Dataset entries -
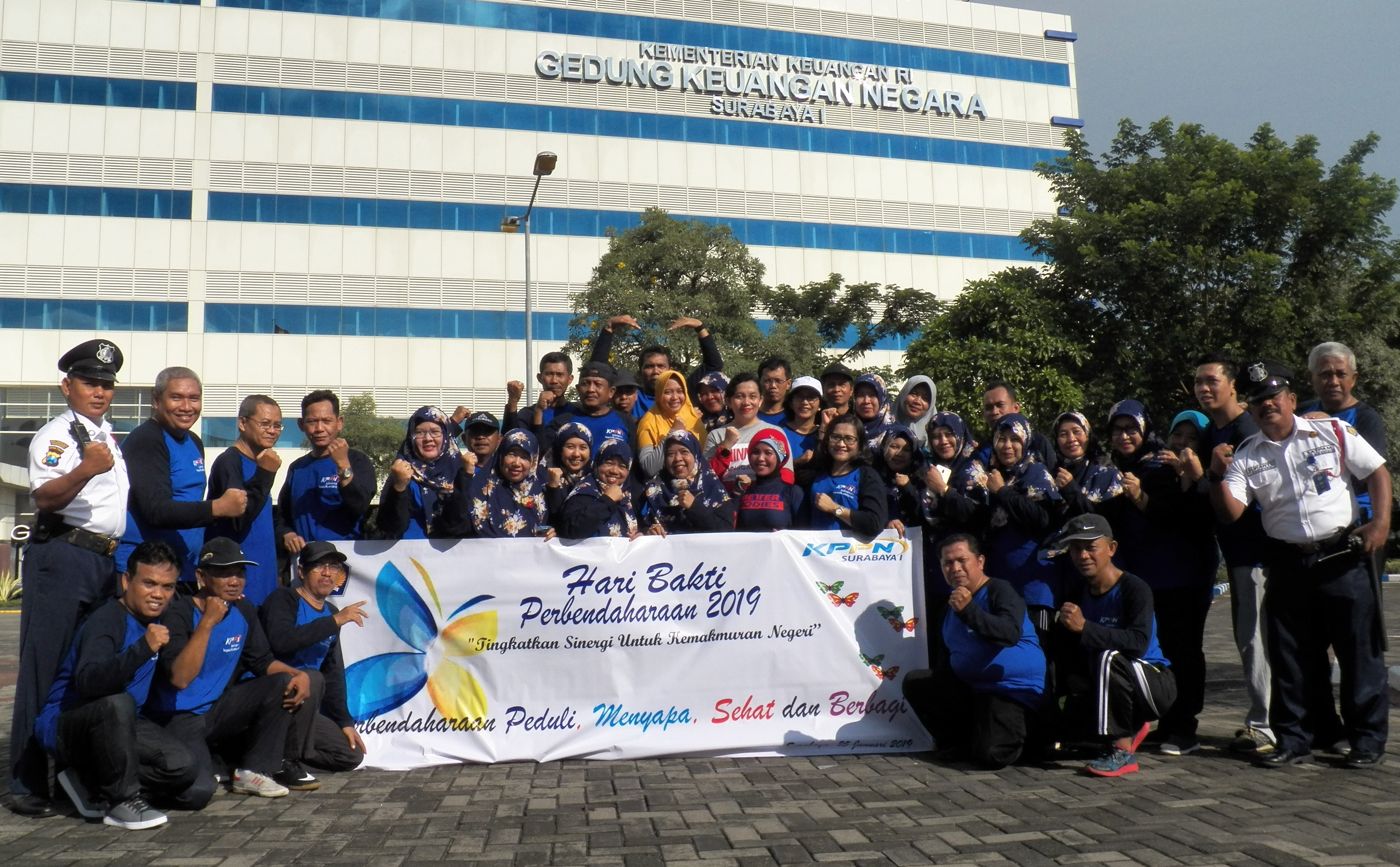 Senam pagi tiap Jumat merupakan kegiatan rutin yang diadakan di lingkungan GKN Surabaya I. Namun, senam pagi di Hari Bakti Perbendaharaan 2019 terasa berbeda. Usai senam pagi, para pegawai KPPN Surabaya I melakukan kerja bakti di halaman GKN Surabaya I sebagai bentuk kepedulian pada lingkungan kerja.
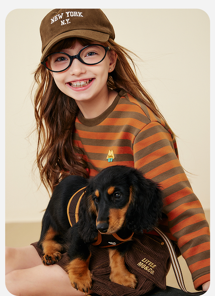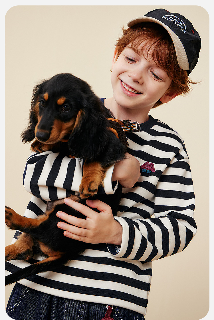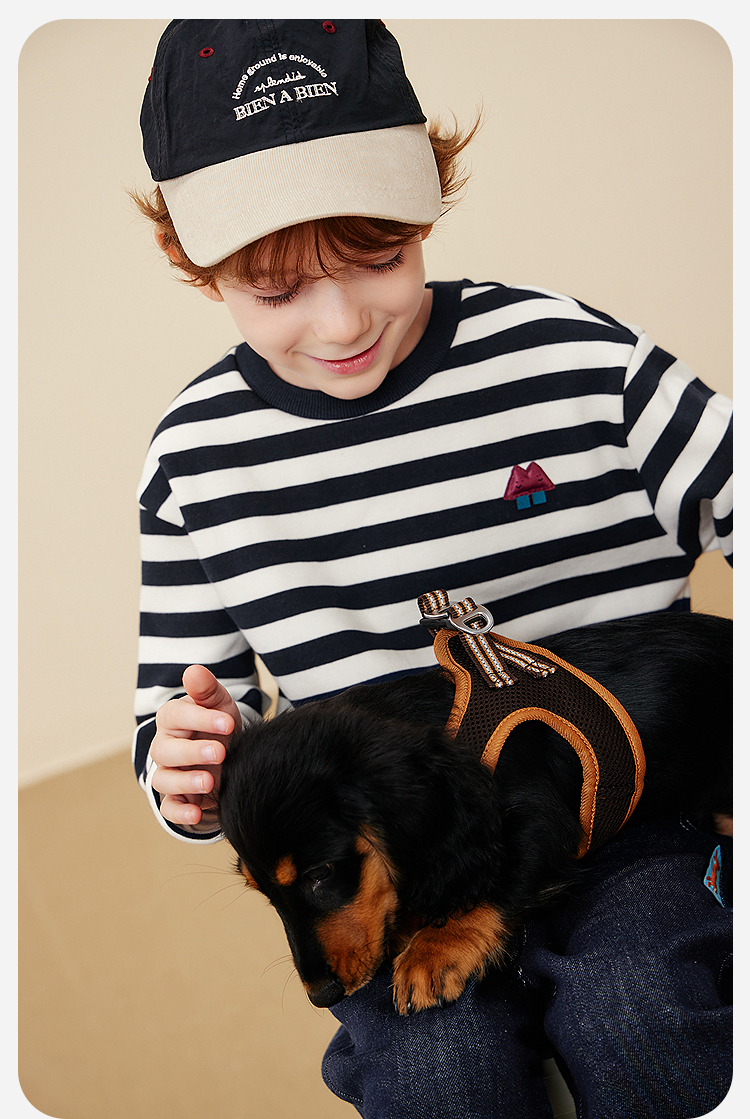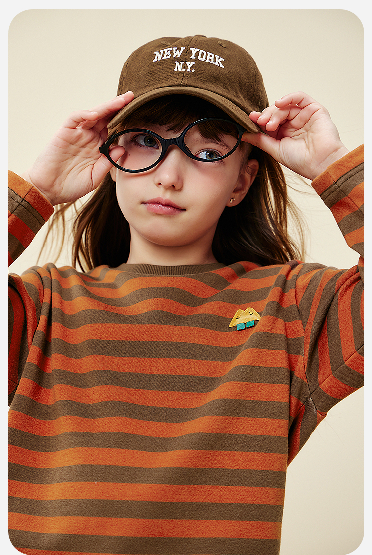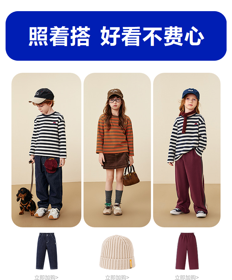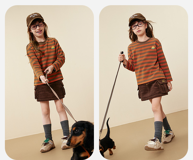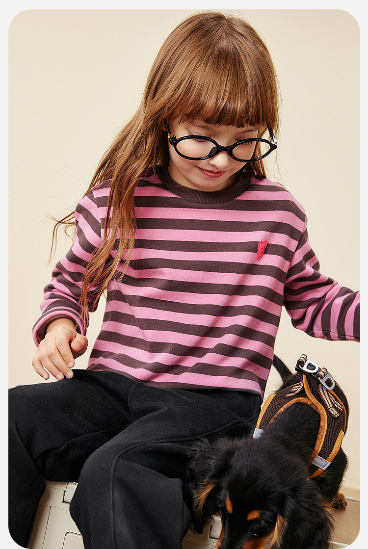迷你巴拉男女童T恤吸湿排汗内里抓绒儿童条纹长袖2025冬新款
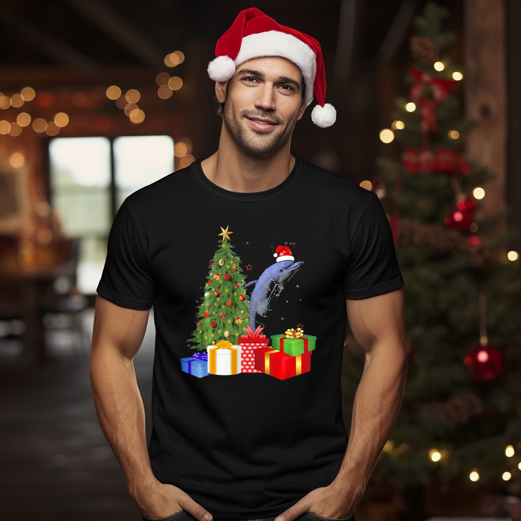 Celebrate the holiday season in style with our Santa Dolphin Christmas Tree T-Shirt! Perfect for ocean lovers and festive spirits alike, this fun and quirky design brings together the joy of Christmas and the charm of marine life. Whether you’re attending a themed party, enjoying a casual day out, or simply spreading Christmas cheer, this shirt is your go-to choice. Made with love in the USA, it’s a unique addition to your festive wardrobe that’s sure to turn heads and spark conversations!
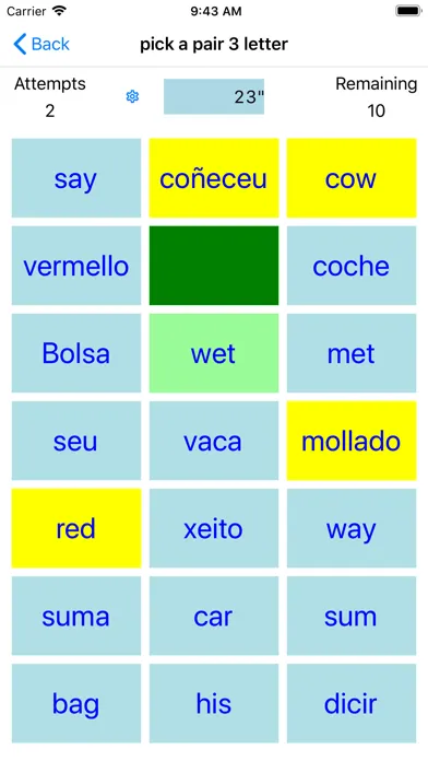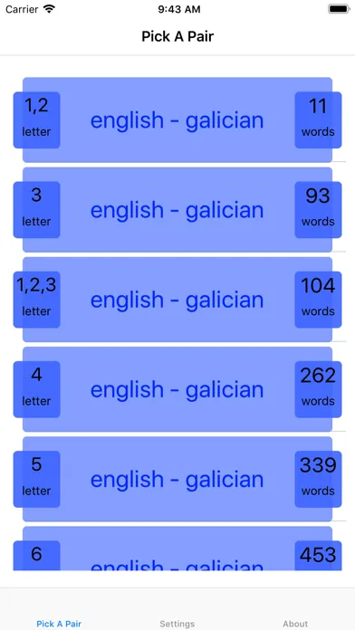 A tiny pick a pair app that helps you along, with learning the basics of Galician. Containing 1, 2, 3, and 4 (free), 5, 6, 7, 8 and 9 letter (paid for) English words translated to Galician for you to play at pick a pair. Test your self on the go!
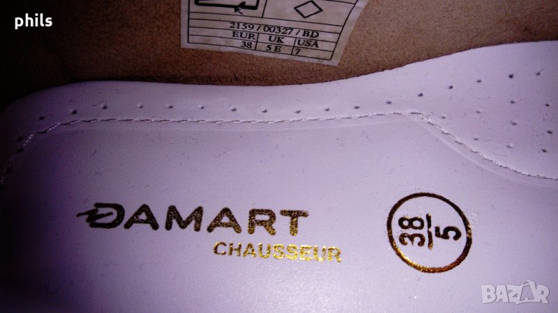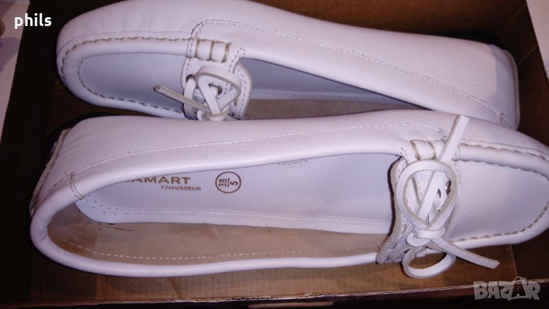 Нови,бели мокасини, естествена кожа, марка Дамарт. 38 номер подходящи за тесен крак. Стелка 24,2см..

Task brief -
Copy the lines exactly. Start at the line with "A tiny pick", end at the last line above, include both, and omit all pictures.

Your solution -
 A tiny pick a pair app that helps you along, with learning the basics of Galician. Containing 1, 2, 3, and 4 (free), 5, 6, 7, 8 and 9 letter (paid for) English words translated to Galician for you to play at pick a pair. Test your self on the go!
 Нови,бели мокасини, естествена кожа, марка Дамарт. 38 номер подходящи за тесен крак. Стелка 24,2см..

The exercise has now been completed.